R&D in Thailand – A way out of the Middle-income Trap?


Through greater government support for R&D, tax breaks for both foreign investors and domestic researchers and the creation of knowledge clusters, Thailand hopes to reposition itself as a regional R&D leader and pull itself out of the middle income trap.

For a long time Thailand’s economy has been seen as stuck in the middle-income trap: it has lost competitiveness towards lower-cost neighbors Cambodia, Vietnam and Laos, while in terms of technology, it has not yet been able to catch up with countries such as Singapore and Malaysia. Lessons from more successful countries in the region such as South Korea and Taiwan indicate that sustainable development requires countries to generate added value through innovation — and that the government needs to play a key role in transforming the structure of the economy.

The Thai government is aware of this, and in recent years has been ramping up efforts to promote innovation and R&D, to enhance the country’s global competitiveness. One of the latest measures has been increasing corporate tax deductions to 300 percent of R&D spending. Authorities are also considering the creation of one central department to facilitate all R&D-related processes. “The long-term goal is to turn Thailand into a knowledge-based economy and society,” confirms Somchet Thinapong, chairman of the National Innovation Agency (NIA). “Thailand ranks below Singapore and Malaysia in terms of R&D budget, but I am proud to state that the current government supports R&D in Thailand and the budget for R&D is gradually moving from 0.4 to 3 percent,” explains Yongvut Saovapruk, governor of the Thailand Institute of Scientific and Technological Research (TISTR). The Institute was created in 1963 and currently focuses on the development of agricultural and food technology, pharmaceuticals as well as natural products. “In order to continue growing as an organization we must be innovative by conducting R&D. But besides innovation it is crucial to perform technology transfer,” adds Saovapruk.

“The current government supports R&D in Thailand and the budget for R&D is gradually moving from 0.4 to 3 percent.”

Yongvut Saovapruk – Thailand Institute of Scientific and Technological Research (TISTR)

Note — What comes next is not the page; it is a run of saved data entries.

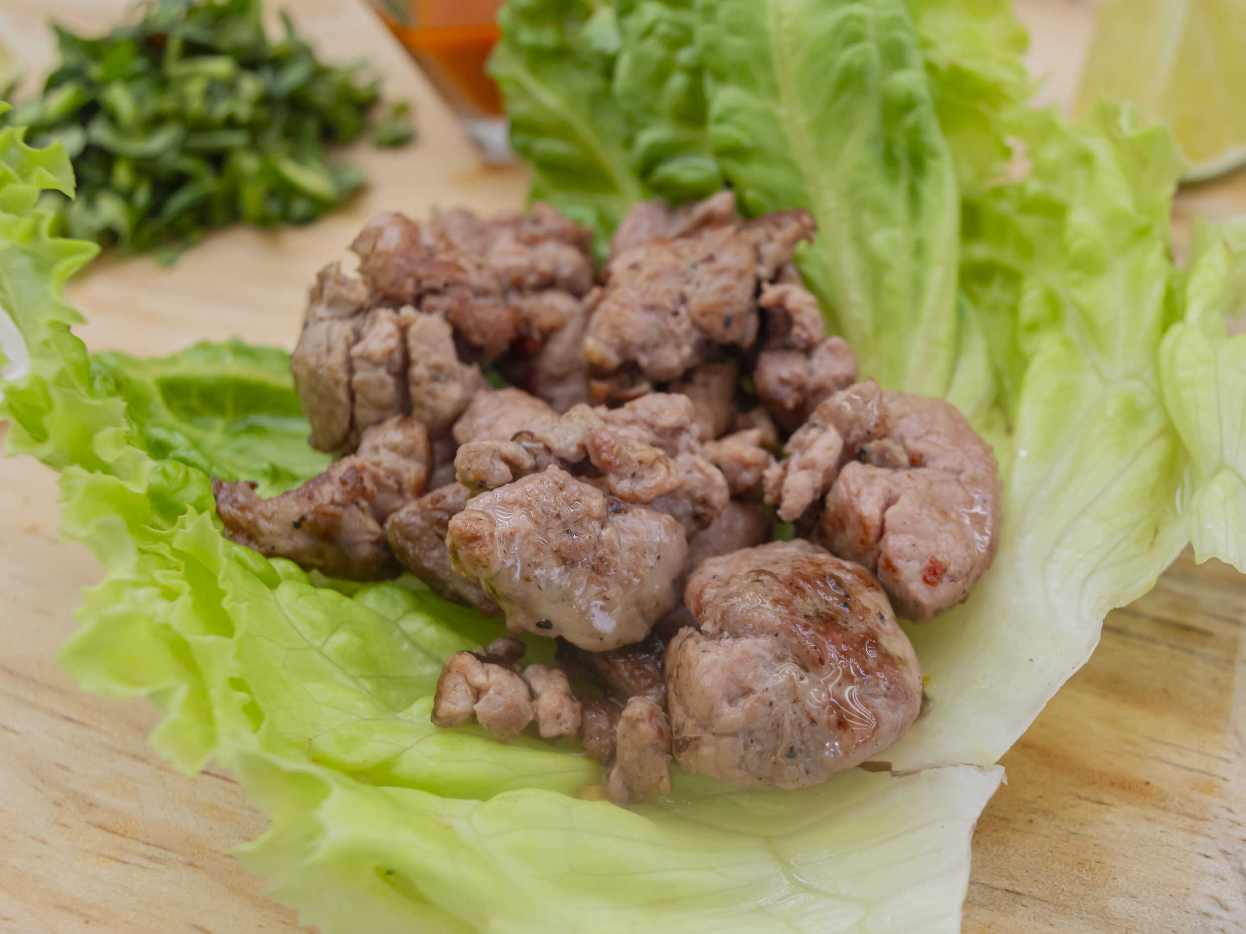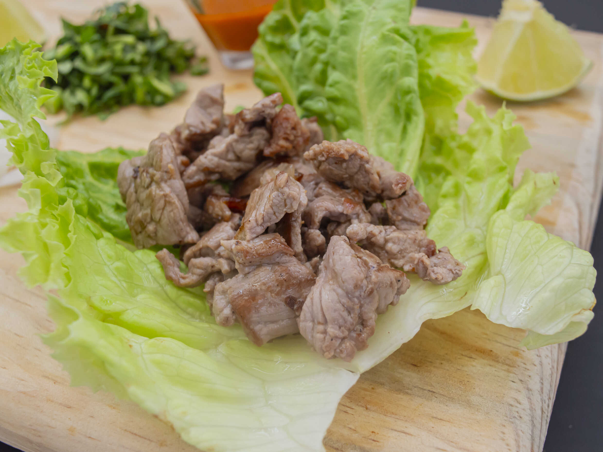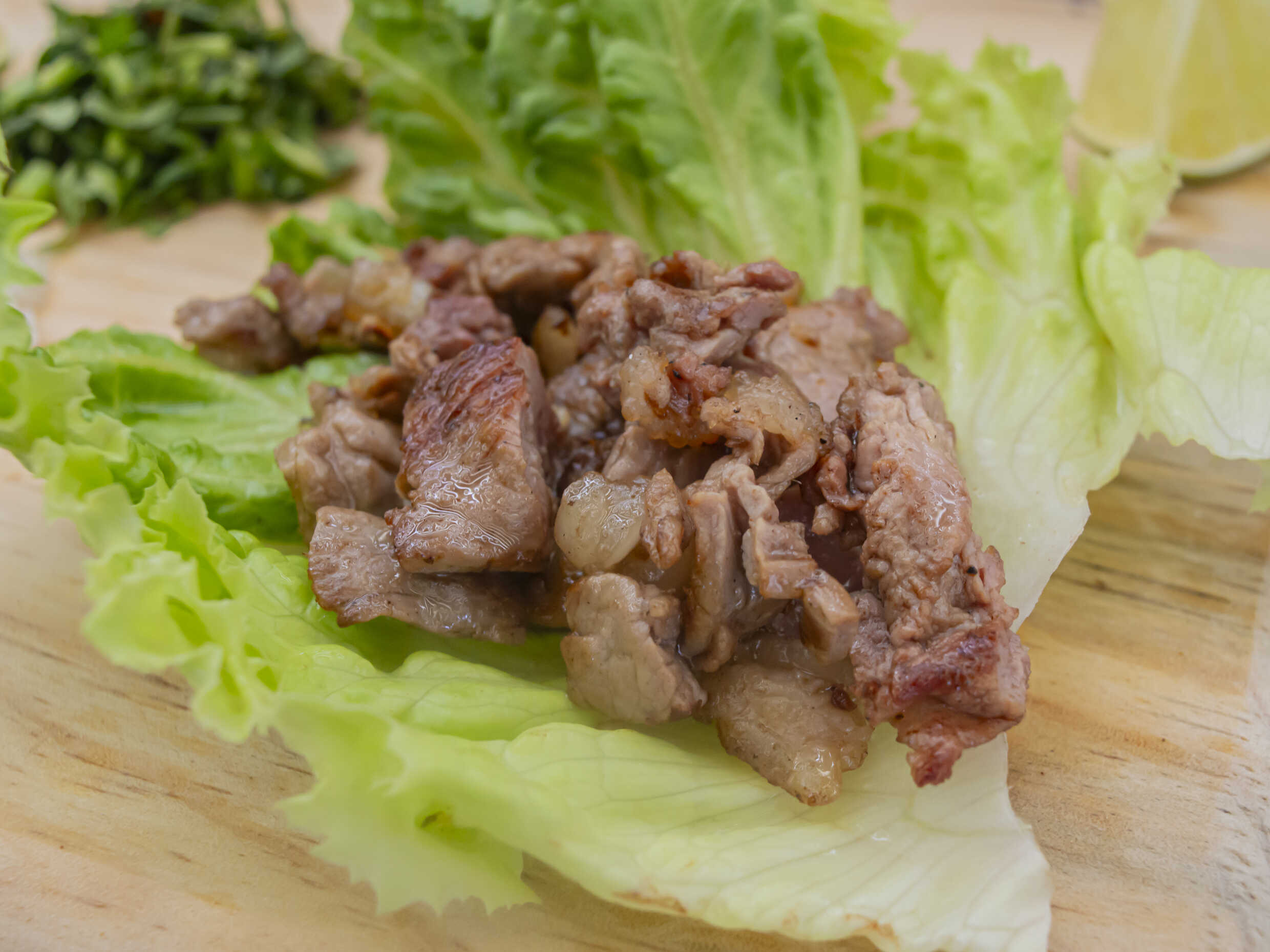 50 g de Arrachera servida con una hoja de lechuga por pieza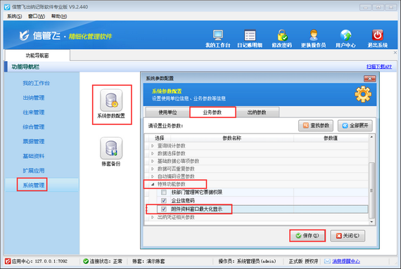 信管飛送貨單軟件支持多窗口同時開單,軟件默認同時只能填開一張送貨單,如果單據(jù)比較多,需要同時填開多張送貨單的情況下,可以根據(jù)本文介紹進行參數(shù)配置,示例如下: 在功能導航窗點擊“系統(tǒng)管理”—》“系統(tǒng)參數(shù)配置”—》“業(yè)務參數(shù)”打開業(yè)務參數(shù)配置界面,然后在業(yè)務單據(jù)相關參數(shù)內,勾選啟用“銷售單允許多窗口開單”參數(shù),并設置下參數(shù)值(同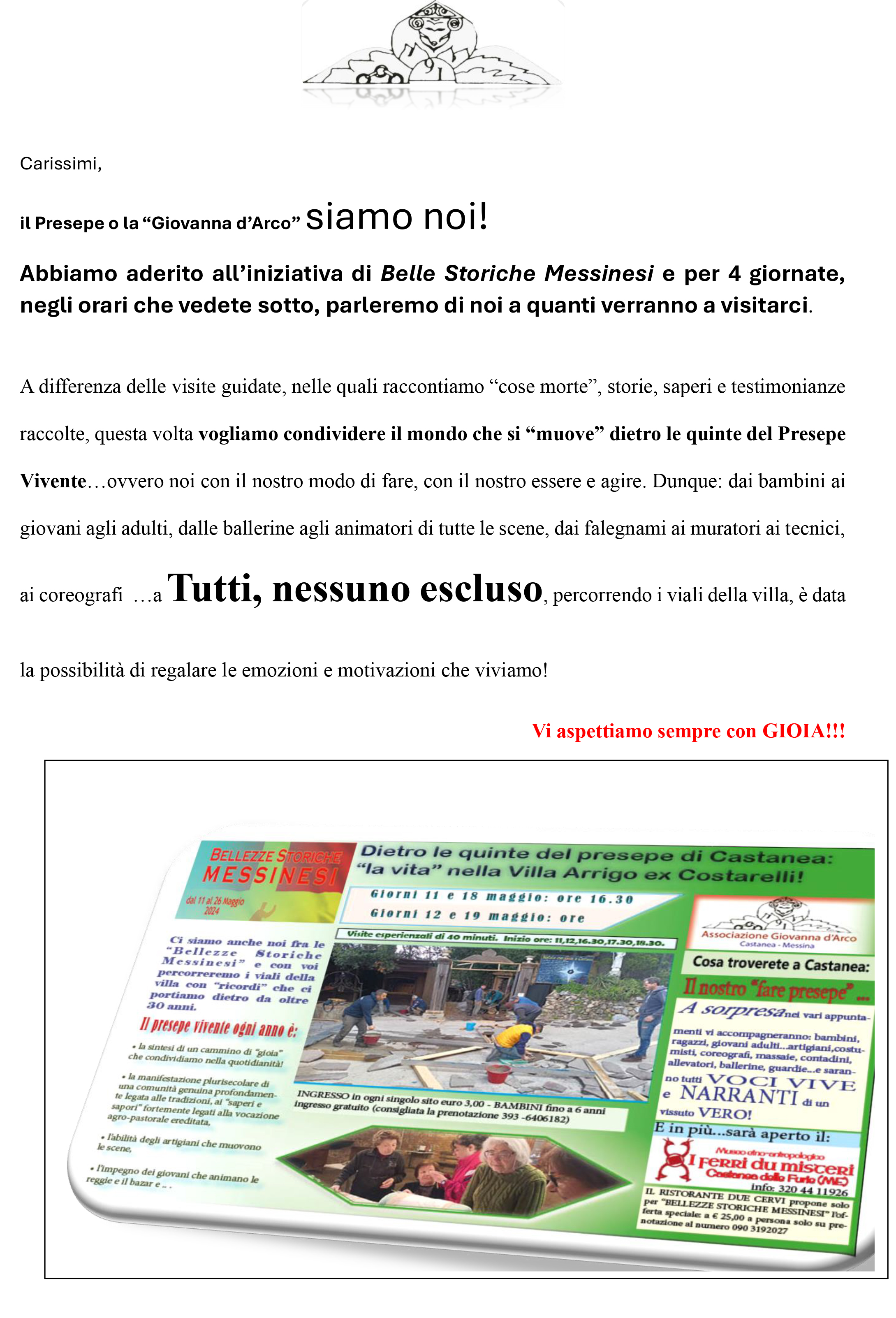 “Sarebbe bello se tanti di noi donassero, raccontandola semplicemente e liberamente, la loro esperienza nella Giovanna d’Arco, chi più e chi meno ha poca importanza, in qualunque momento e per qualsiasi attività…vi aspettiamo!”.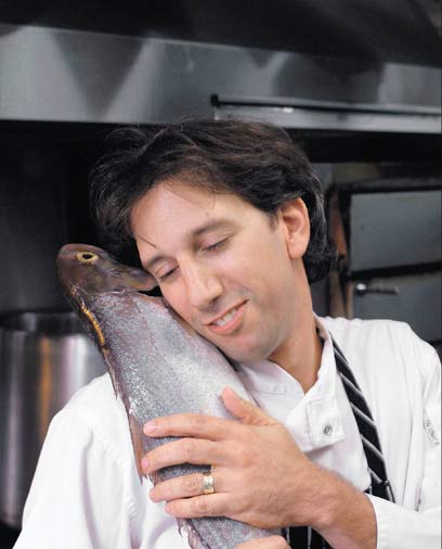 "בגלל שכמעט הפסקתי לאכול בשר, אין לי מה לנשנש במטבח, אז התחלתי לזרוק מוצרים מהים על הפלאנצ'ה, וזה יצא נהדר. וכך נולד התפריט החדש, שבו הכל נעשה במקום: אני זורק את המוצרים על משטח לוהט מאוד, מוסיף תיבול עדין וטיפה שמן זית, וצורב צריבה מהירה. כל התפיסה שלי אומרת: אל תשנה את המוצר. אני לא מאמין בקציפות ובבישול מולקולרי. אני רוצה שכשאתה אוכל שעועית - תראה שעועית."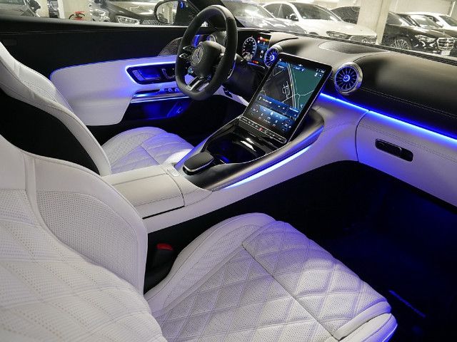 Ein strahlendes Entree: Die hochwertigen Einstiegsleisten aus Edelstahl sind mit einem „AMG“ Schriftzug beleuchtet. Dieses stimmungsvolle Lichtspiel wertet den Zugang zu Ihrem Fahrzeug auf und heißt Sie bei jedem Öffnen der Tür willkommen.

To support R&D efforts in the life science sector, back in 2002-03 the government established the Thailand Science Park (TSP), a hub destined to private sector’s industrial R&D activities under the management of the National Science and Technology Development Agency (NSTDA), as well as Thailand’s Center of Excellence for Life Sciences (TCELS). “The organization is vital to the development of technology creation in Thailand and works as an intermediary platform to exchange ideas with both local companies and international organizations,” explains Nares Damrongchai, CEO of the center. “Thailand is at a pivotal turning point in the healthcare and life sciences industry because it is trying to grow and position itself as a place to invest and conduct research,” he points out. Currently, the nation’s main income generating sectors are tourism, car manufacturing and electronics, but there is space for the healthcare and life sciences sector to develop. “Thailand is in a transitional phase and we are going to see regulatory changes in the coming years that will allow for more transparent business practices and will create a more welcoming environment for companies to invest,” he claims.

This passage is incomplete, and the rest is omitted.